Resume execution from a previously checkpointed state. Optionally apply human edits before resuming:

# Simple resume
result = await graph.resume("run-1", cp)

# Resume with human edits (Human-in-the-Loop)
result = await graph.resume("run-1", cp, updates={"approved": True, "feedback": "Looks good"})

The updates dict is merged into the checkpointed state before re-execution begins. This is the key mechanism for Human-in-the-Loop workflows.

Raises GraphRuntimeError if no checkpoint exists for the given graph_id. See Checkpointing for details.

stream_tokens(state) — async generator

Yield token-level events from LLM nodes that have stream=True. Non-streaming nodes emit a node_complete event instead.

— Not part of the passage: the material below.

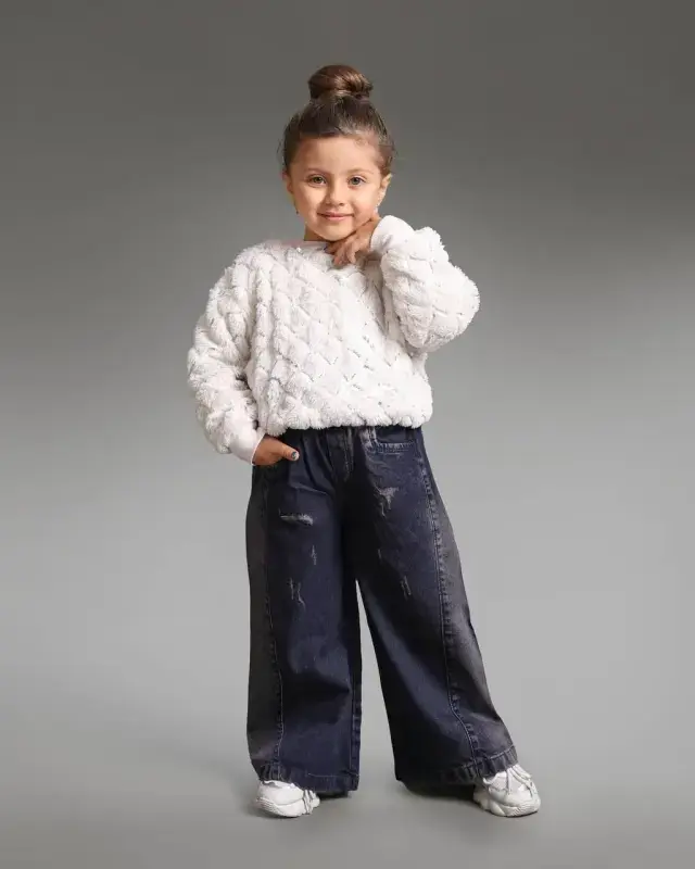 خرید عمده شلوار جین دخترانه شافل کد 107

async for event in graph.stream_tokens({"input": "Explain RAG"}):
if event["type"] == "token":
print(event["token"], end="", flush=True)
elif event["type"] == "node_complete":
print(f"\n[{event['node']} finished]")
Event keyTypeDescription
"type"str"token" or "node_complete"
"node"strName of the node
"token"strToken text (only for "token" events)
"state"dictState snapshot (only for "node_complete" events)

See Nodes — Token streaming for how to create streaming LLM nodes.

_MAX_STEPS guard

The engine tracks the number of execution waves. The default limit is _MAX_STEPS = 100. Override it at compile time:

compiled = graph.compile(max_steps=500)

If the limit is exceeded, a GraphRuntimeError is raised. This guards against infinite loops created by conditional edges that always route back to a previous node. See Cycles for more.